• **Supplied information**:
┏━━

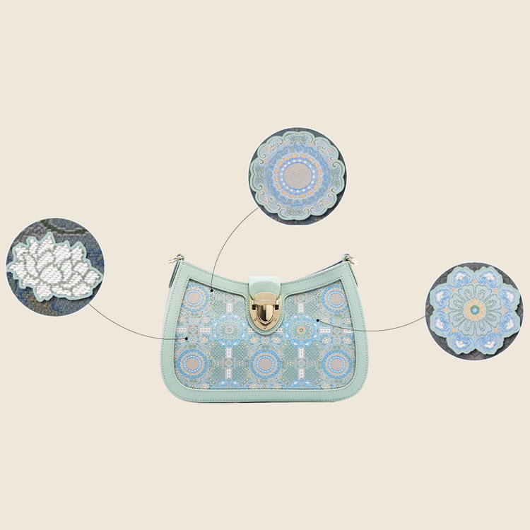 Song Brocade Leather Green Shoulder Bag Badayun Pattern
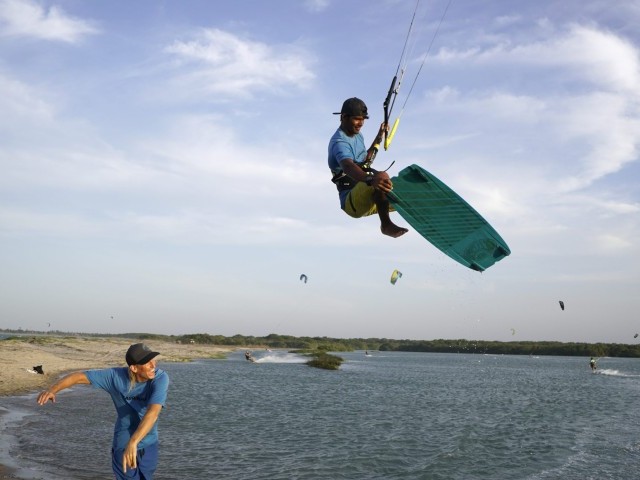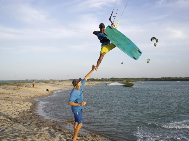 This is the tricky bit which will demonstrate your superb kite control or highlight your lack of it. From here on your path has been set but you still need to steer your way forwards, using the bar to speed up or slow down, drift right or pull left. And this is why you left the kite slightly behind you on take-off, as it can now act as both a break and accelerator. In this case taking off to your right - sheet in and you’ll slow down, move up and be pulled left, sheet out and you’ll carry on to your right and drop. These are subtle movements that work wonders. In the pic Heliarde holds his board up out of the way, extending his leg and using his foot as the crosshairs. In doing so guides his foot towards Christian’s hand. Optimo!
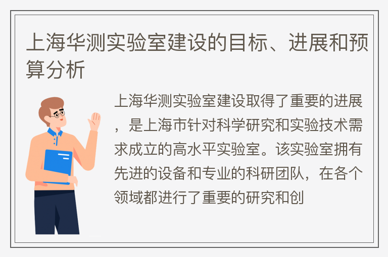 上海华测实验室建设取得了重要的进展,是上海市针对科学研究和实验技术需求成立的高水平实验室。该实验室拥有先进的设备和专业的科研团队,在各个领域都进行了重要的研究和创......【点击详情】

┗━━

• **What to do**: Would you copy each line above exactly as given, dropping any images?

• **Result for this task**:
 Song Brocade Leather Green Shoulder Bag Badayun Pattern
 This is the tricky bit which will demonstrate your superb kite control or highlight your lack of it. From here on your path has been set but you still need to steer your way forwards, using the bar to speed up or slow down, drift right or pull left. And this is why you left the kite slightly behind you on take-off, as it can now act as both a break and accelerator. In this case taking off to your right - sheet in and you’ll slow down, move up and be pulled left, sheet out and you’ll carry on to your right and drop. These are subtle movements that work wonders. In the pic Heliarde holds his board up out of the way, extending his leg and using his foot as the crosshairs. In doing so guides his foot towards Christian’s hand. Optimo!
 上海华测实验室建设取得了重要的进展,是上海市针对科学研究和实验技术需求成立的高水平实验室。该实验室拥有先进的设备和专业的科研团队,在各个领域都进行了重要的研究和创......【点击详情】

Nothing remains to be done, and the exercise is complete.